1998 has been a whirlwind of activity for the group. Since the 23-year-old Horton joined in March, the group recorded their self-produced album in April and undertook a 10-week-long tour during the fall.
In addition to the group's three permanent members, the album also features appearances by Lucky Stars/Wayne Hancock steel player Jeremy Wakefield and former Texas Playboy fiddle player Johnny Gimble, who the group originally asked to produce the record. ("He kind of wanted to, but he's busy and didn't have a lot of time," says Fremerman, who adds that ex-High Noon guitarist Sean Mencher had also been asked to produce the album at one point)
The band wears its Bob Wills influence on their collective sleeve. Wills wrote or co-wrote three of the album's 14 songs and recorded several others at various points during his long career.
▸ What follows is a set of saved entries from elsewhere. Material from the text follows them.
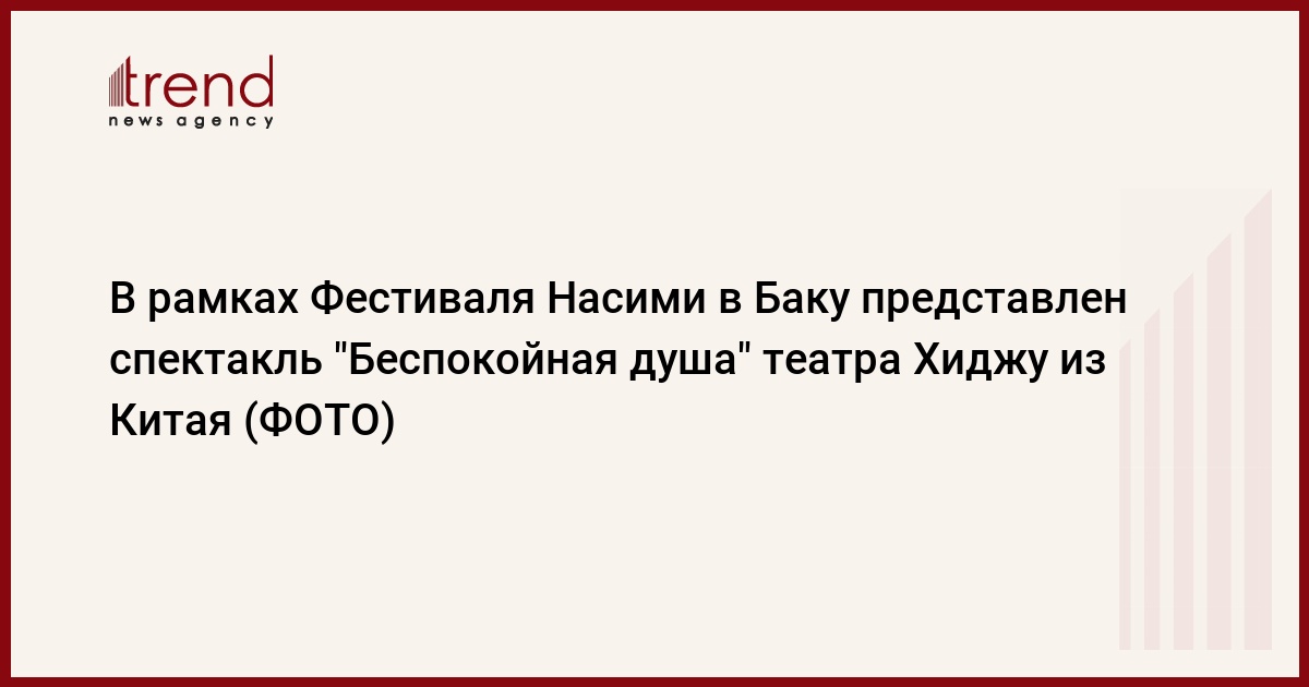 БАКУ /Trend/ - 30 сентября в рамках второго Фестиваля поэзии, искусства и духовности – Насими в Азербайджанском государственном академическом театре оперы и балета был представлен спектакль под названием "Беспокойная душа" (с субтитрами на азербайджанском языке) театра Хиджу провинции Аньхой (Китай), сообщает Trend.
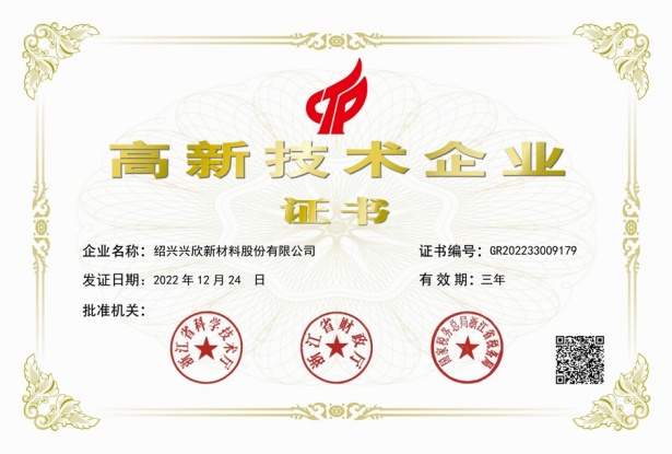 紹興興欣新材料股份有限公司成立于2002年06月27日,占地面積122畝,位于杭州灣上虞經(jīng)濟技術開發(fā)區(qū)拓展路2號,現(xiàn)有職工200余人,專業(yè)技術人員50余人;博士、碩士研究生30余人組成的一支知識型、專業(yè)化的技術科研團隊。公司面向全球市場,專業(yè)開發(fā)電子化學品、環(huán)?;瘜W品、醫(yī)藥中間體、高分子材料等先進新材料重點領域的省級科技型企業(yè);建有浙江上虞、安徽東至兩個生產基地。目前為“國家高新技術企業(yè)”、浙江省“隱形冠軍”企業(yè)、浙江省專精特新中小企業(yè);建有“省級”研究開發(fā)中心,共建天津大學浙江紹興研究院電子化學品研發(fā)中心。
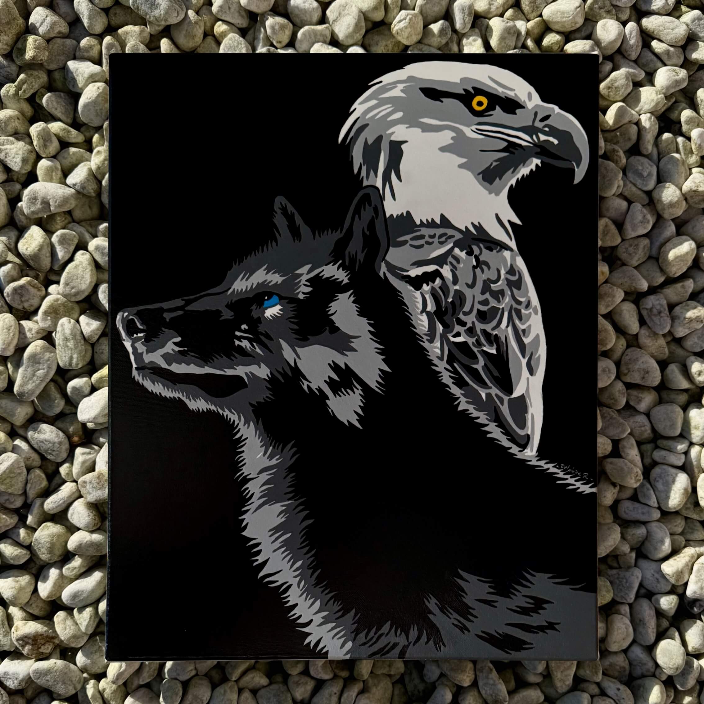 “Esprits sauvages”, plongez dans l’intensité sauvage avec ce pop art en noir et blanc : un loup et un pygargue aux regards perçants colorés, symboles de liberté et de force.
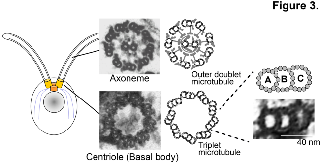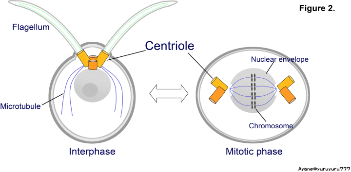 I’m studying centriole assembly using green alga Chlamydomonas reinhardtii, a unicellular organism that swims using two flagella (Fig.1).
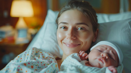 A heartwarming scene capturing a mother gently embracing her newborn baby in a hospital. The soft light enhances their emotional bond, symbolizing love and care.
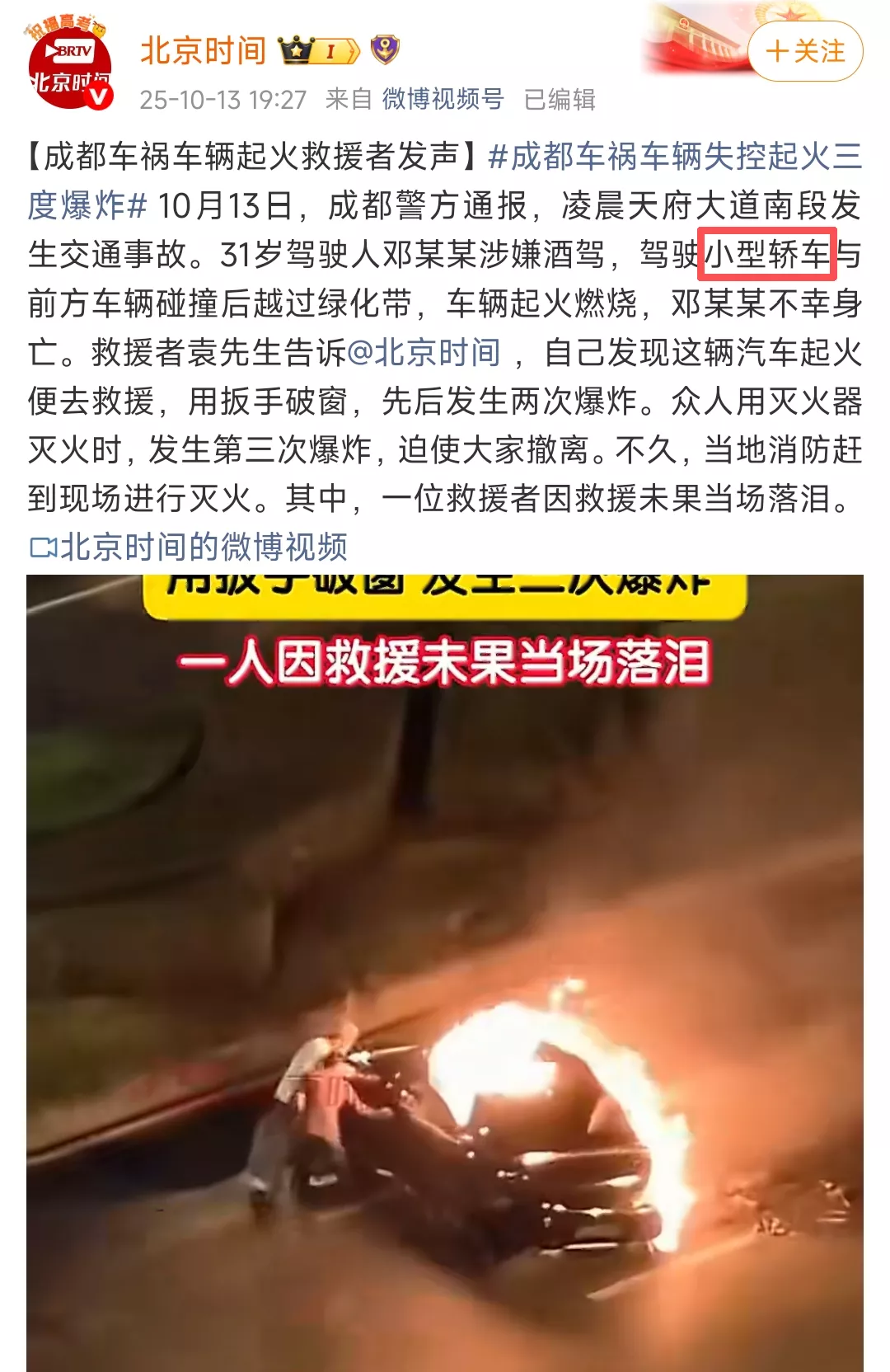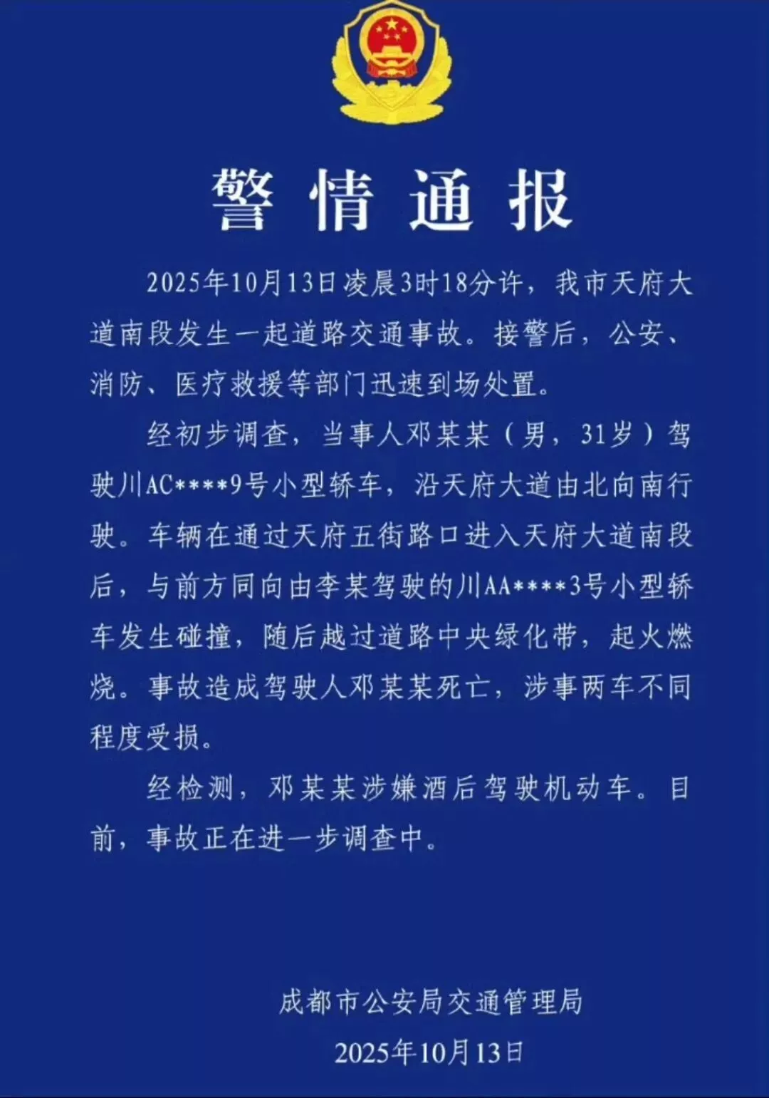 就比如,据官方警情通报可知,事件发生在2025年10月13日凌晨3时18分左右,地点是成都市天府大道南段,驾驶员邓某某(31岁)涉嫌酒驾,追尾前车后,撞击绿化带翻滚起火身亡。

And how did Smith become aware of western swing, having been raised in the northeast?
"I was getting a little tired of playing rock guitar, and about 1990, I heard a Bob Wills Tiffany Transcription. I was trying to play jazz, but it wasn't coming naturally. But you can really play a lot of jazzy things over western swing because the melody is much more straightforward, and it has a driving rhythm."
"A lot of people get into different kinds of music as they get older, and I guess I was just ready."